Unlike conventional energy resources that are available at any time, wind speed and wind direction need to be forecasted in advance in order to estimate production and plan its contribution to a nation’s grid system. As the use of wind power increases, accurate forecasts are essential to maximize output from the wind farms. This includes the most important decision of all, the location of a wind farm and the placement of its turbines1.

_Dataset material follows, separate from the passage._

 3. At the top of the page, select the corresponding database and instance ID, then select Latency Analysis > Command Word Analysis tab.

The location of an industrial-scale wind farm, defined as a cluster of wind turbines used to produce electricity, is of paramount importance. Measuring the farm-specific wind characteristics including mean wind speed, wind speed distribution (diurnal, seasonal, annual patterns), distribution of wind direction, short-term fluctuations, long-term fluctuations and wind shear profile are essential for determining the location of farm and turbines. This can strongly influence the performance of the wind turbines and thus the power generated by the wind farms2. Moreover, interactions among multiple turbines change the power generation efficiency of turbines. Specifically, the wakes from upwind turbines can greatly affect the power production of downstream turbines, and this effect depends strongly on the wind direction3. Generally, downstream turbines produce less power compared to upwind turbines, but changes in wind direction can cause heterogeneity in the power curve of each turbine such that some upstream turbines can become downstream turbines4. Porté-Agel et al.5 presented a study about the effects of wind direction on turbine wakes and power losses at a large wind farm. Castellani et al.6 showed how the alignment of wind turbines to wind direction affects efficiency (see also Kazacoks et al.7 and Gomez and Lundquist8).

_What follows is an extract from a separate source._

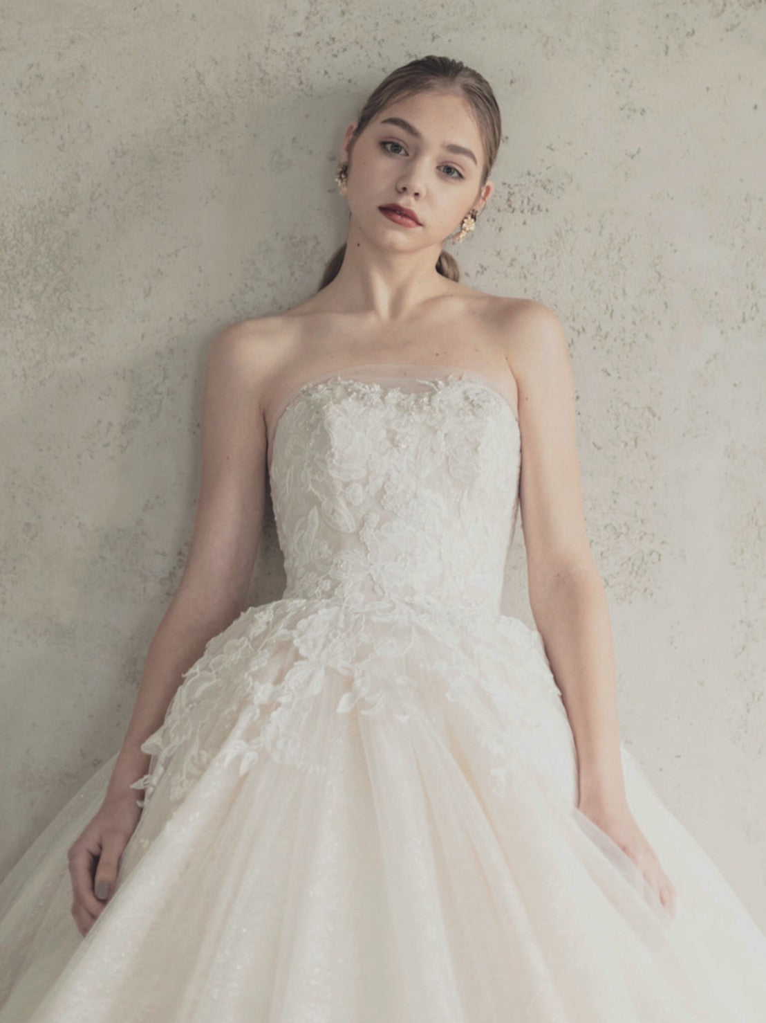 幾重にも重ねられたチュールに浮かび上がる繊細なレース、

Predicting wind speed and wind direction are crucial to choose the location of wind farm and the placement of its turbines and also to estimate wind power production. To the best of the authors’ knowledge none of the existing literature follows a directional statistics approach for prediction of the wind direction. The interested reader is referred to some contributions in which several approaches have been proposed for forecasting wind direction. El-Fouly et al.20 suggested a linear time-series-based model for prediction of wind speed and direction. Garcia-Planas and Gongadze21 constructed a predictive model for wind speed and direction based on linear Markov chains under linear algebra point of view (see also Zeng et al.22, Fan et al.23, Zheng et al.24, Chen et al.25, Liu et al.26, Giangregorio et al.27, Wang et al.28). Note however that this paper approaches skew directional models from the Bayesian statistical angle.

Circular statistics can be applied to obtain the distribution of wind direction while Weibull, gamma, normal, Rayleigh, log-normal, inverse Gaussian, logistic distributions are some common models for the wind speed (see Deep et al.9 and Gugliani et al.10). For example, mixtures of von Mises (VM) distributions have been widely applied to model wind direction for different locations10,11,12,13,14,15,16,17. Gugliani et al.18 have applied Kato and Jones circular distribution19 to model wind direction.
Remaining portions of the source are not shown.